» **ABOUT THIS TASK**
Report the number of lines holding "your" in the material below, and nothing more.

» **MATERIAL TO PROCESS**
=-=-=-=-=

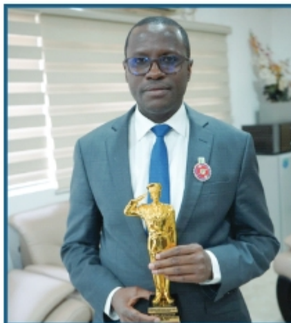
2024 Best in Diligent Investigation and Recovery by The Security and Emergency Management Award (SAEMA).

=-=-=-=-=

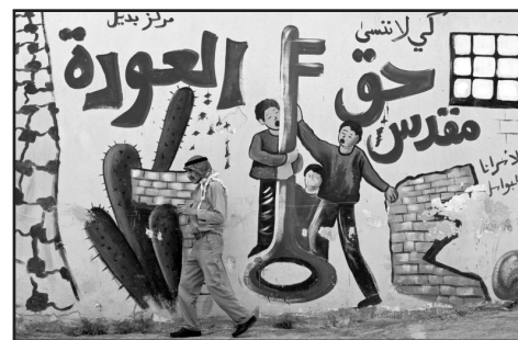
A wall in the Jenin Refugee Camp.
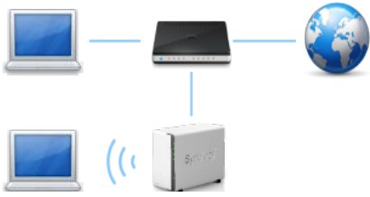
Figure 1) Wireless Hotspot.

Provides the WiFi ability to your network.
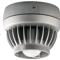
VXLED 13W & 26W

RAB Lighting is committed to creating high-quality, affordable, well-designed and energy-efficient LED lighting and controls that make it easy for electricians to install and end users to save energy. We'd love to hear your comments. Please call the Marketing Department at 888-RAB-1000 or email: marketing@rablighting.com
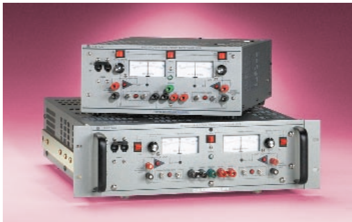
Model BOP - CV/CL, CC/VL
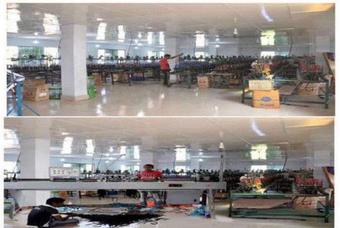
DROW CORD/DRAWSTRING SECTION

=-=-=-=-=

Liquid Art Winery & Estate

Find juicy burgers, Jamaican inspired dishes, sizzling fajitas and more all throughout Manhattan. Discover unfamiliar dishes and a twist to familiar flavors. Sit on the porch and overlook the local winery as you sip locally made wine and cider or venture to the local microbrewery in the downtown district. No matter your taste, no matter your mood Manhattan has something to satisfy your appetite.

=-=-=-=-=

» **ANSWER TO THIS PROBLEM**
3